Question

One mole of a diatomic ideal gas $(\gamma =1.4)$ is taken through a cyclic process starting from point $A$. The process $A\to B$ is an adiabatic compression, $B\to C$ is an isobaric expansion, $C\to D$ is an adibatic expansion and $D\to A$ is an isochoric process.
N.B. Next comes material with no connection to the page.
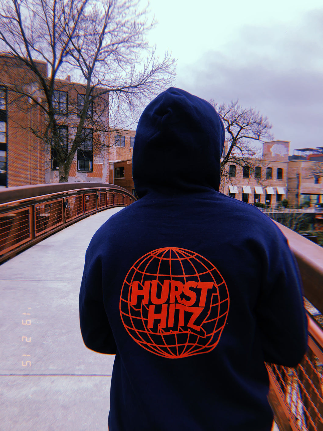 Hurst Hitz Navy Hoodie with red lettering, presenting for the first time the "Hurst Hitz World" logo on the back of the hoodie. The mantra: Progression, Direction, Happiness, Wealth, Balance on the left sleeve.

The volume ratios are $\frac{V_A}{V_B}=16,\frac{V_C}{V_B}=2$ and temperature $T_A={27}^{\circ }\text{C}$. Find the efficiency of the cycle.

• A. $32.84\%$
• B. $61.40\%$
• C. $28.56\%$
• D. $35.61\%$

Answer 1

The correct option is B $61.40\%$


From the figure, for adiabatic compression process $A\to B$,
$T_A{V}_A^{\gamma -1}=T_B{V}_B^{\gamma -1}$
From this, we can write that
$T_B={\left(\frac{V_A}{V_B}\right)}^{\gamma -1}{T}_A\Rightarrow T_B=(16{)}^{\frac{2}{5}}\times 300\approx 909\text{K}$
For an isobaric process $B\to C$,
$\frac{V_B}{T_B}=\frac{V_C}{T_C}$
$\Rightarrow T_C=T_B\left(\frac{V_C}{V_B}\right)=909\times 2\approx 1818\text{K}$
For adiabatic expansion process $C\to D$
$\frac{V_A}{V_B}=16$ and $\frac{V_C}{V_B}=2$
$\Rightarrow \frac{V_A}{V_C}=\frac{V_D}{V_C}=8$
Also, $T_C{V}_C^{\gamma -1}=T_D{V}_D^{\gamma -1}\therefore T_D=T_C{\left(\frac{V_C}{V_D}\right)}^{\gamma -1}=1818{\left(\frac{1}{8}\right)}^{\frac{2}{5}}\approx 791\text{K}$

Heat absorbed from $B\to C$
$Q_1=n{C}_P(T_C-T_B)=n\frac{\gamma R}{\gamma -1}(T_C-T_B)=\frac{\frac{7R}{5}}{\frac{2}{5}}(1818-909)=\frac{7R}{2}\times 909\approx 3182R\text{J}$
For process $D\to A$, heat released
$Q_2=n{C}_V(T_D-T_A)=n\frac{R}{\gamma -1}(T_D-T_A)=\frac{5R}{2}(791-300)=\frac{5R}{2}\times 491\approx 1227.5R\text{J}$

Work done during process $AB$
$W_{AB}=-\frac{nR}{\gamma -1}(T_B-T_A)=-\frac{5R}{2}(909-300)=\frac{-5R}{2}\times 609=-1522.5R\text{J}$
Similarly,
$W_{BC}=nR(T_C-T_B)=1\times R(1818-909)=909R\text{J}$
$W_{CD}=\frac{-nR}{\gamma -1}(T_C-T_D)=\frac{5R}{2}\times 1027=2567.5R\text{J}$
Therefore,
$W_{net}=W_{AB}+W_{BC}+W_{CD}=-1522.5R+909R+2567.5R$
$=1954R\text{J}$
Thus, the efficiency of cycle $\left(\eta \right)=\frac{W_{net}}{Q_1}\times 100=\frac{1954R}{3182R}\times 100\approx 61.4\%$
Hence, option (b) is the correct answer.